Isorropodon is a genus of small deep-sea bivalve molluscs in the family Vesicomyidae and subfamily Pliocardiinae. The genus was first described by Austrian naturalist Rudolf Sturany in 1896, and is known for its small size relative to other vesicomyids, as well as its unique biological adaptation to chemosynthetic environments.

== Ecology and biology ==
In contrast to most filter-feeding surface bivalves, the genus Isorropodon is chemosymbiotic. There is only one bacterial symbiont phylotype found inside the gills of the genus, enabling it to use chemical energy produced by chemosynthesis through hydrogen sulfide or methane.

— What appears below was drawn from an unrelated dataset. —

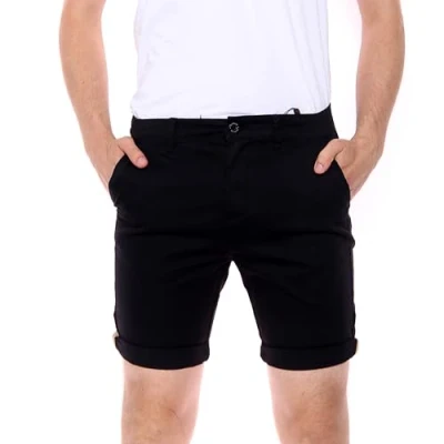 NOROZE Chino Men’s Shorts Plain Casual Turnup Cotton for Summer Slim Fit Stretch Combat Short Half Pants Men UK Size (30 40) Black

Isorropodon species are only found in deep-sea habitats including cold seeps, hydrocarbon-rich mud volcanoes, seamounts and areas with submerged deep-sea plant debris. They are usually under 16mm and their geographical range spans from the Mediterranean Sea to the Atlantic Ocean and north into the Arctic basin.

== Description ==
The shell structure of Isorropodon is usually small, fragile, thin, and smooth. The shell shape is usually elliptical or subovate.

== Species ==
According to the World Register of Marine Species the genus Isorropodon currently contains the following recognized species.

- Isorropodon arguinensis L. Hoffmann, Cosel & Freiwald, 2019
- Isorropodon bigoti Cosel & C. Salas, 2001
- Isorropodon curtus Cosel & C. Salas, 2001
- Isorropodon elongatus J. A. Allen, 2001
- Isorropodon kaikoae Okutani, Fujikura & Kojima, 2000
- Isorropodon mackayi P. G. Oliver & Drewery, 2014
- Isorropodon megadesmus P. G. Oliver, Rodrigues & M. Cunha, 2011
- Isorropodon nyeggaensis Krylova, 2011
- Isorropodon perplexus Sturany, 1896 (Type species)
- Isorropodon smithii Dall, 1889
- Isorropodon striatus Jaeckel & Thiele, 1931
- Isorropodon tenina J. A. Allen, 2001

The genus also contains two extinct species.